Heat is usually transported by hydraulic circuits where the working medium is circulated by an electric pump. Heat can also be transferred by natural convection in passive systems. Passive systems where heat is transported downward have also been described and studied in the literature. These types of devices are referred to as reverse thermosiphons. However, systems of the type are not widely applied in practice due to the problems associated with the selection of the optimal working medium.
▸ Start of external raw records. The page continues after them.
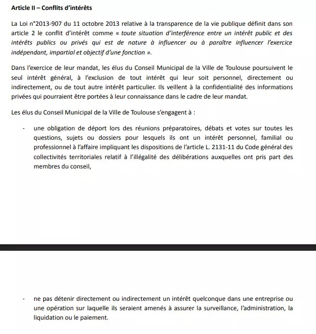 Pour rappel, la chartre de déontologie des élus municipaux de la ville de Toulouse précise dans sont article 2 :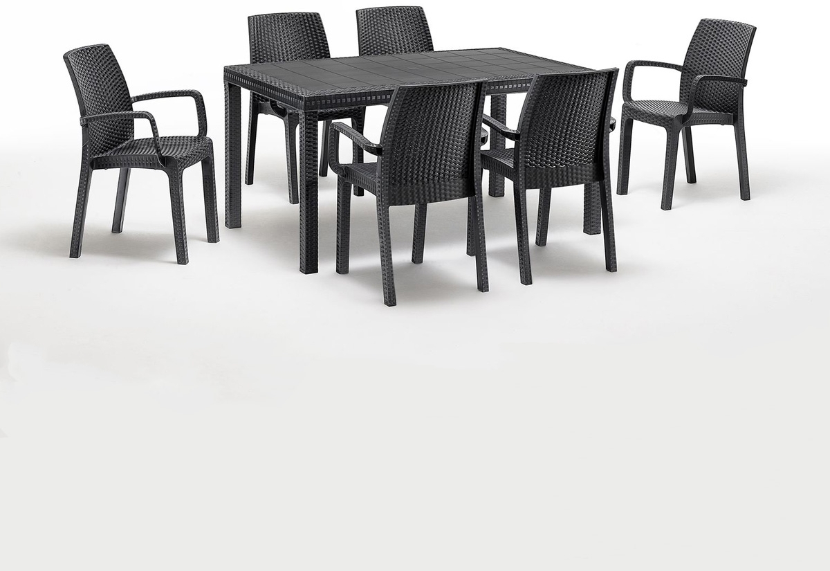 Das BICA Diningset 7 tlg. Verona bietet Ihnen eine stilvolle Essgruppe, bestehend aus einem großen Tisch Houston und 6 bequemen Stühlen. Die wetterfesten Gartenmöbel in Graphit sind ideal für Garten, Balkon oder gewerbliche Nutzung. Die Stühle aus wasserdichtem Polypropylen verfügen über komfortable Armlehnen, während der Tisch aus recycelbarem Harz mit Rattan-Einsatz gefertigt ist. **Highlights** - Wetterfest und leicht zu reinigen - Stühle aus robustem Polypropylen - Tisch aus recycelbarem Harz mit Rattan-Einsatz - Bequeme Armlehnen an den Stühlen - CATAS Zertifizierung für Sicherheit **Produkteigenschaften** - Maße Stuhl: L 57 cm x B 59 cm x H 86 cm - Maße Tisch: L 150 cm x B 90 cm x H 74 cm - Belastbarkeit Sessel: 100 kg (pro Sitzplatz) - Produktgewicht Stuhl: 4 kg - Produktgewicht Tisch: 16 kg - Material: Kunststoff, Polypropylen - Farbe: Anthrazit **Lieferumfang** - 6x Stühle, 1x großer Tisch
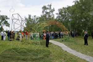 «Флагшток». Каміла Шейнох, Польща (на задньому плані, ібо нормальне фото зробити забув) Ідея. Прапор завжди символізував приналежність до ріної країни, а флагшток – державні інституції з чіткими правилами та жорсткими інституціями. Автор позбавляє флагшток первинного значення і робить його непридатним для вивішування прапорів, а значить, і будь-якої державної пропаганди. Факт. П’ятиметровий «експонат» гнули вже у Києві, бо транспортувати таку конструкцію з Польщі було б дещо заскладно.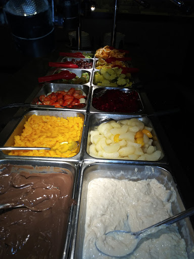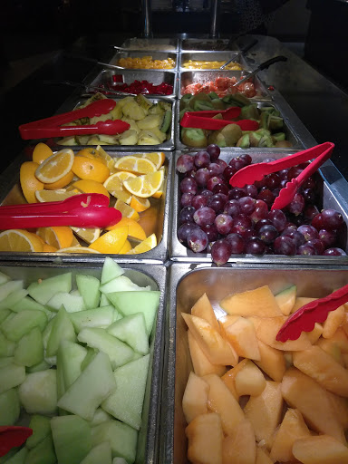 Buffet with many choices including fried chicken, French fries, roast beef, crab legs, veggies, crab ragoons, Asian dishes and much more. Lunch and dinner buffet are priced fairly. Staff is friendly and is always refilling drinks and clearing dirty dishes from tables. They seat quickly and high chairs are available for the asking. Soft music, low lighting enhances your dining experience. Tables and booths available. Dining area is divided with attractive half wall for privacy. This resturant can accommodate large parties by simply rearranging tables. Comfortably air conditioned and large handicap bathroom stalls. Room for strollers near tables. Whether you dine for lunch or dinner, you can browse the many shops afterwards. Parking is available for handicap in front, as well as ramps for wheelchair or impaired. This resturant will leave you coming back for more. Its one of my favorite.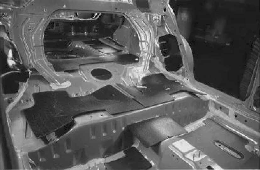 阻尼消振(也称为阻尼减振)方法是指利用阻尼器或阻尼材料来吸收或减小结构振动的能量,以达到减小结构振动幅度和防止结构损伤的目的。阻尼减振技术能降低结构或系统在共振频率附近的动响应强度。阻尼减振有两种方式:一种是集中力阻尼器,如各种成型的阻尼器;另一种是分布式阻尼器,如各种黏弹性阻尼材料以及复合材料等,主要应用于薄板和薄壳等薄壁结构和不宜施加集中阻尼力的系统,例如汽车地板上的沥青阻尼片,如图1-17所示。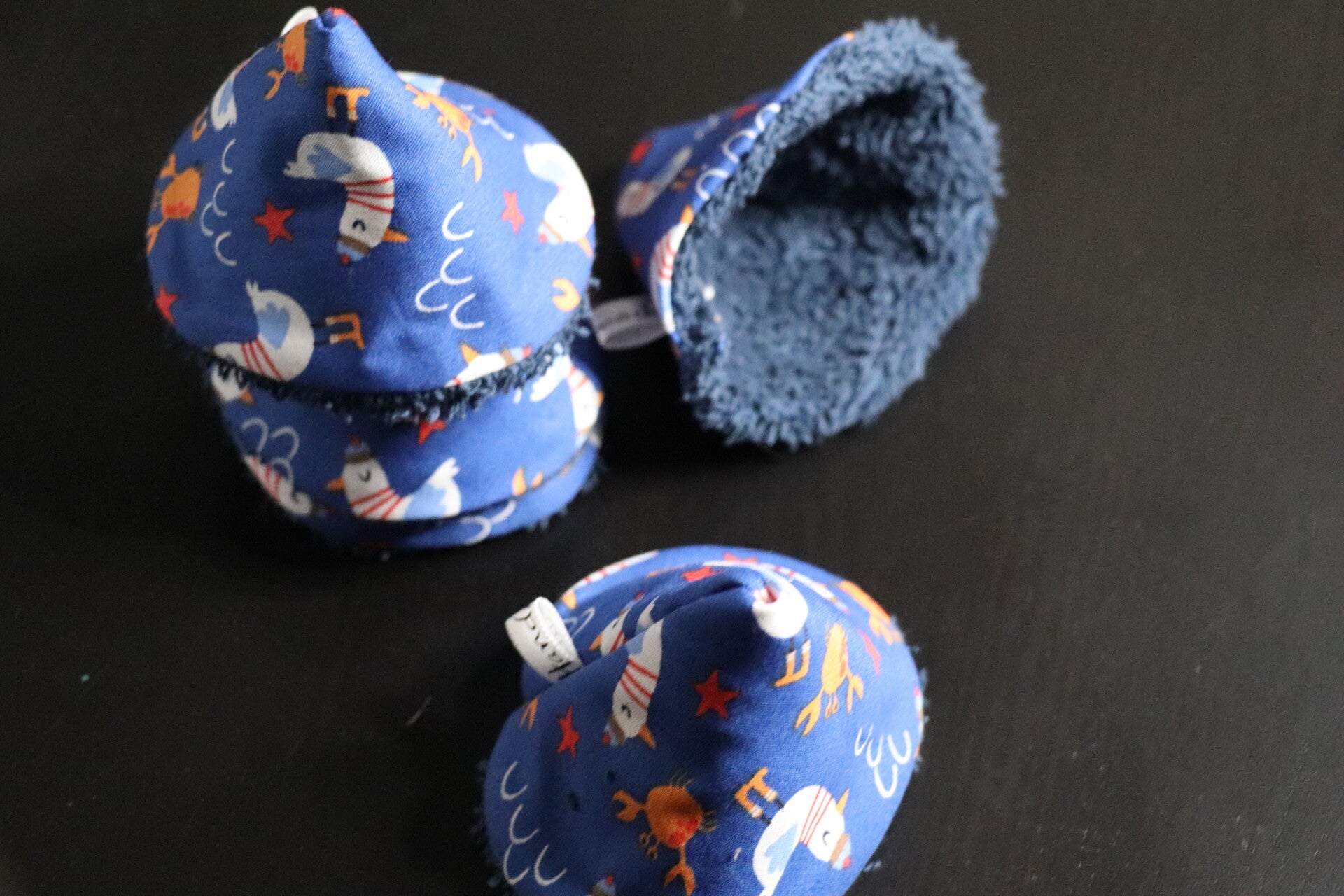 Petit cône en éponge de coton bleu marine et coton imprimé pour contenir l'accident lors du change.

In water-based thermosiphons, negative pressure is produced when water temperature falls below 100 °C, and non-condensable gas can enter the system. These problems are not encountered in systems where the working medium has a low boiling point. However, liquids with a low boiling point can be explosive, expensive, and harmful to the environment. The solution proposed in this paper combines the advantages of water and a liquid with a low boiling point. The described system relies on water as the heat transfer medium and small amounts of a substance with a low boiling point. The developed model was tested under laboratory conditions to validate the effectiveness of a passive system where heat is transported downward with the involvement of two working media. The system’s operating parameters are also described.

Suggested Citation

  • Daniel Chludziński & Michał Duda, 2020. "A New Concept and a Test of a Bubble Pump System for Passive Heat Transport from Solar Collectors," Energies, MDPI, vol. 13(5), pages 1-16, March.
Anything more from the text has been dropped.